Over breakfast on 13th February, when my thoughts should have been anticipating the joys of the Valentine’s weekend, I found myself ranting at the radio, mouth full of organic oats, in disbelief at the Today programme’s startlingly unbalanced coverage of climate change.
Opinion vs fact
Anyone who can loses 30 kilogrammes in a few months, can rightly lay claim to being something of a slimming expert, but is Nigel Lawson the best person to spout forth on climate change? His arguments swayed erratically between climate scepticism and climate inevitably. In Lawson’s writings and interviews, he alternately challenges the scientific evidence for climate change whilst accepting that it is happening (but that it is so exaggerated that the economics of mitigation do not stack up).

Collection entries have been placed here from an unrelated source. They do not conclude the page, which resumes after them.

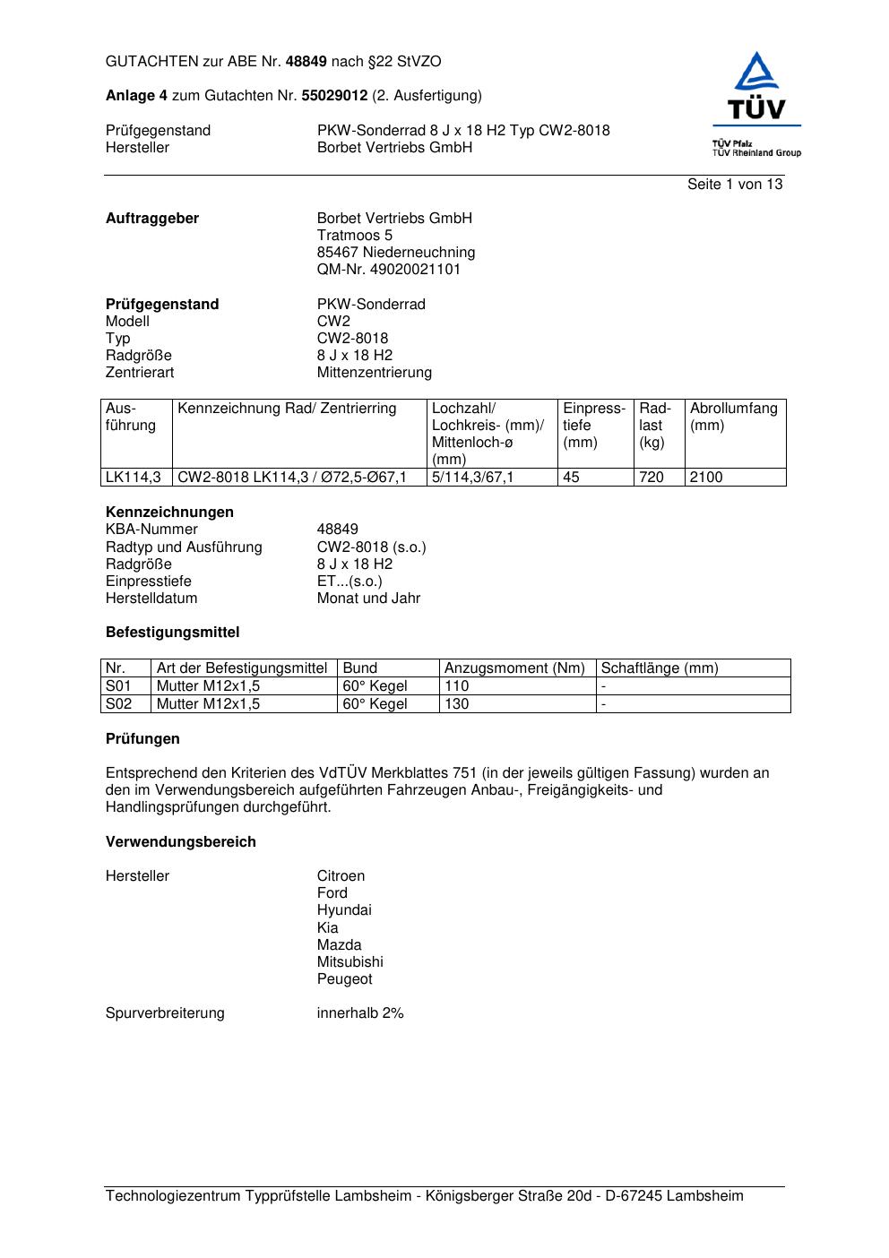 Dieses Gutachten (abe) bezieht sich auf die Alufelge Borbet CW2-80 18 in der Ausführung 8Jx18 ET 0, Mittenloch 0 mm (KBA 48849). Im PDF findest du typischerweise zulässige Reifengrößen, Auflagen/Anbauhinweise und – je nach Dokument – Hinweise zur Eintragung.
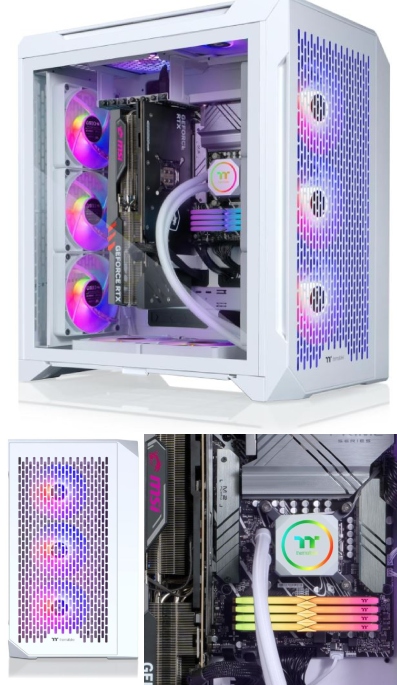 This PC is cooled with a 420mm ARGB AIO. It has a 1000W 80Plus Gold Power Supply. You can customize lighting effects and sync 14x Thermaltake CT140 ARGB Sync fans, AIO water block, and memory.
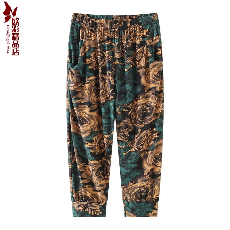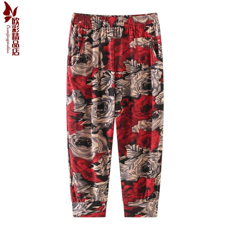老年人奶奶冰丝九分裤七分女灯笼中裤花裤子中老年妈妈夏薄高弹力

Logic would dictate that these two positions are irrevocably linked. If climate change is as serious as expert bodies such as the InterGovernmental Panel on Climate Change report, then surely the damage will be as severe as economists such as Sir Nicholas Stern predict?
In other words, Lawson is trying to both have his cake and eat it; something his best-selling diet book surely warns about.
Stick to evidence-based decision making
This confusion between opinion and fact is something that those of us who don’t have access to prime airtime also need to guard against. Evidence-based decision making must form the basis for all corporate sustainability aims and aspirations. And we must be prepared to change our views as new evidence becomes available – as uncomfortable as this can sometimes be.
Challenge the evidence
I had cause recently to look at a three year old Government study on the economics of building integrated solar photovoltaics. Written today, that report would look very different. The cost of solar has tumbled in recent years. New evidence; different conclusions.
Sometimes new evidence is counter-intuitive. So called ‘food miles’ are not the most important contributor to the life cycle emissions of agricultural products (with the possible exception of products which are air freighted). E-readers are an environmentally preferable option to printing and distributing hardcopy books. And as I found out on one recent project, the use of recycled materials can sometimes have more impact than choosing the virgin alternative.
So, keep an open mind, challenge the evidence and base decisions on the best available information.